Изменить размер шрифта - +
Можно прийти, сесть лицом к лицу и…

– Девушка, а давайте снимем маски?

– Зачем?

– Так познакомиться с вами хочу.

– А я с вами – нет.

– Это потому что вы меня без маски еще не видели! А вот я сниму и…

– Нет, спасибо. Боюсь заразиться.

– Что, ковидом?

– Нет, тупыми подкатами.

Вместо контактов обменялись факами.

Не смогла найти ее, пришлось занять столик у окна. Как в тупом ромкоме или романе Ремарка. Столик, кстати, последний – и почему вдруг никто не занял его раньше? Хотя нет, вот же – увидела на стуле напротив черную сумочку, потом молча кивнула сама себе, встала и решила постоять снаружи бара (холодно, но свежо) – как вдруг ей кладут ладонь на плечо.

– Парень, я же сказала, – огрызается было Ксюша и хочет уже сбросить непрошеную руку, но замечает кольцо с тремя зелеными камушками на среднем пальце, и смуглую кожу рук, и белый пушок на тыльной стороне ладони.

– Я сначала не узнала тебя без маски.

– А я тебя вообще не увидела, – удивляется Ксюша. – Где ты была?

На ней светло коричневый тренч и черная водолазка. Волосы забраны в конский хвост. Ничуть не изменилась с тех пор, как – да, с последнего зума, конечно, с чего бы ей меняться? А духи? Духи те же, что и до ковида – «деметровое» яблоко и снег, свежо и чуть кисло, но почему то притягательно кисло. Как в капкане: ты знаешь, что туда заходить не надо, но все равно идешь, потому что не можешь. Как там этот аромат назывался, «Каренина»?

– Ну рассказывай. – Улыбается и кладет ладонь на Ксюшины пальцы.
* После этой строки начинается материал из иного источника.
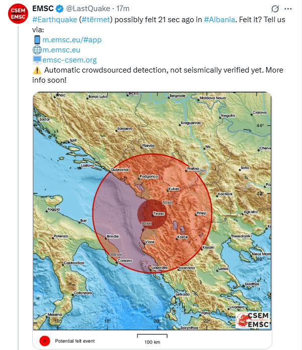 Sipas të dhënave nga Qendra Sizmologjike Euro-Mesdhetare (EMSC), tërmeti ka pasur epiqendrën rreth 9 kilometra në veri-perëndim të Tiranës.
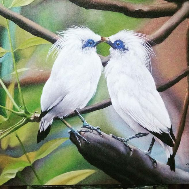 Gambar lukisan tidak ada hentinya untuk selalu memberikan gambar keindahan kepada seluruh makhluk hidupSelain menyediakan berbagai kebutuhan seperti makanan air dan oksigen alam juga menyuguhkan gambar lukisan yang sangat memanjakan mata. 50 Lukisan Burung Jalak Bali Gambar Lukisan. Antara lain mempunyai bulu yang putih pada seluruh tubuhnya.
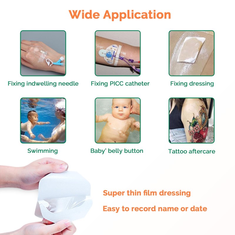 - More than just a wound dressing, this transparent wound dressing has versatile applications, such as a medical fixation IV and non-adhesive dressing, but also as baby's belly button protection and tattoo aftercare, providing comprehensive protection and peace of mind for you and your family
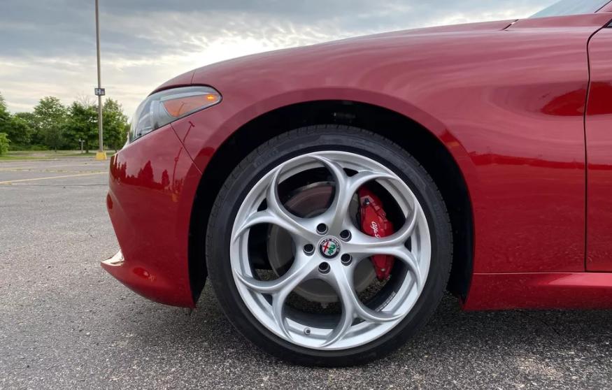 Даже с опциональной системой полного привода Giulia прекрасно входит в поворот, а модели Ti Sport стандартно поставляются с задним дифференциалом повышенного трения. У тестового автомобиля адаптивная подвеска за 995 $, которая хорошо демпфирована и никогда не бывает слишком жесткой, хотя автомобиль действительно немного дрожит на плохом дорожном покрытии. Стандартные тормоза Brembo прочные, и, несмотря на то что они чувствительны к короткому ходу педали, их легко регулировать при езде по городу.
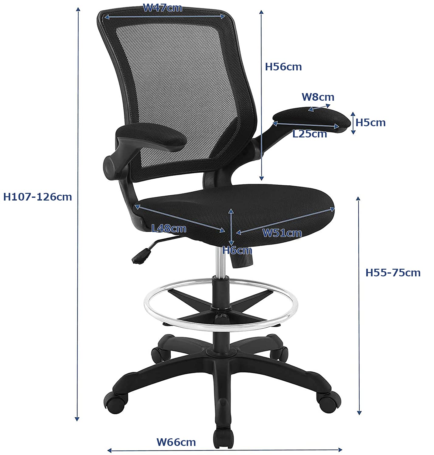 - STOOL MEASUREMENTS - Overall Product Dimensions: 26"L x 26"W x 42 - 49.5"H; Cushion Thickness: 2.5"; Weight Capacity: 331 Pounds. Seat Dimensions-19 L x 20 W x 21.5 - 29.5 H inches. Backrest Dimensions-18.5 W x 22 H inches. Armrest Dimensions- 10 L x 3 W x 2 H inches
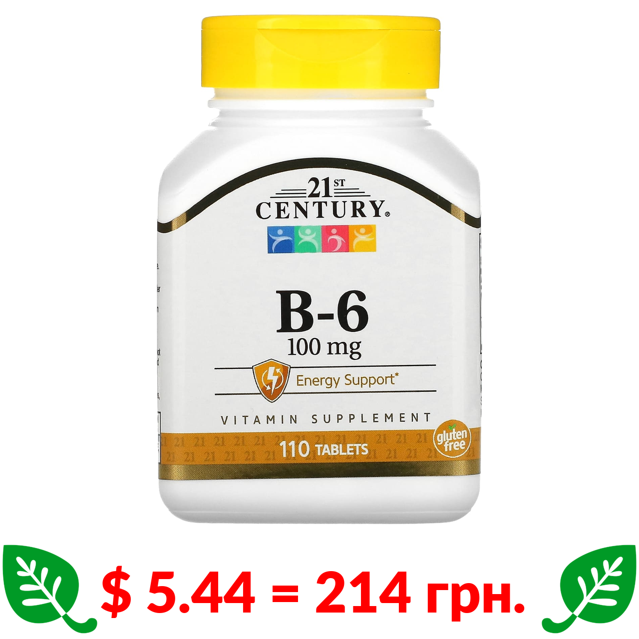 $ 5.44 = 214 грн. 21st Century, вітамін B-6, 100 мг, 110 таблеток
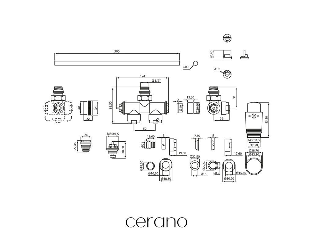 Jedná sa o sadu pre dolné pripojenie radiátora, ktorá obsahuje umožňuje variabilnú montáž na prívody vykurovacieho média ako z podlahy, tak zo steny, pootočením prívodov ventilu. Táto sada umožňuje inštaláciu prídavnej elektrickej vykurovacej tyče na druhú stojnu kúpeľňového radiátora.
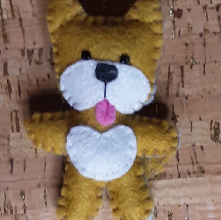 The main colours of the dog are light brown & white. The eyes are made from black seed beads. Nose is made from black felt and the tongue from pink felt. The back is made from light grey felt.
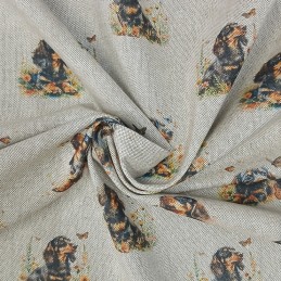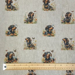 Cotton Rich Linen Look Fabric Digital Dachshund Dog Allover 140cm Wide

Ксюша отдергивает: скорее рефлекторно, чем сознательно, и сначала чувствует вину, но потом думает, что сделала правильно, – у них всегда была проблема с границами, и лучше Рубикон обозначить сразу.

Их танец обмена репликами, словно в пьесе спившегося современного драматурга, репликами, которые всегда неизменно скрывали что то такое важное, что теребить как раз из за его важности не хотелось, но это как с подарками на Новый год: тебе запрещают трогать завернутый в муар подарок, но он слишком приятный на ощупь, чтобы не потереть пару раз и не проделать трещинку, которая потом ширится и ширится, и вот ты уже не понимаешь, почему бы тебе подарок вовсе и не развернуть и не посмотреть, что там.

Но они пока выходят из комнаты с подарками и выключают свет. Все как обычно каждый месяц: она жалуется на персонал, менеджмент которым затормозил на карантине, а Ксюша рассказывает о редакционных проблемах и болезни N. Их роли расписаны, как в ситкоме, и иногда Ксюше кажется, что ее прикрепили к полу невидимой пружинкой или шарниром и она только и повторяет, повторяет, повторяет все то, что записано на маленькой машинке в ее голове. Все для того, чтобы другая машинка, в глубине ее живота, не проснулась.

– А что с N.?

– А что с ним? Карантин.

– О.

И Ксюша рассказывает о том, как приходится дважды перемывать посуду или договариваться о раздельном завтраке, обеде, ужине; и как она боится прикоснуться к нему ночью, хотя прекрасно понимает, что, если бы могла заразиться, – уже заразилась бы. О маме, которой возит лекарства в Подмосковье, как возила и во время всеобщего локдауна, когда всем было наплевать на пропуска.

Час за часом. Пьют, говорят. Ксюша развертывает контурную карту жизни, чтобы она могла достать фломастеры и покрасить то, что покажется ей наиболее интересным.

– Как можно брать интервью у наркоманов?

– Да представь себе, можно. Обычные люди.

– А если он соврет чего нибудь?

– Это тебе обычно врут на интервью, у меня работа другая.

У нее красные, чуть влажные губы. Но это не от помады, всегда были такие. Красные и влажные.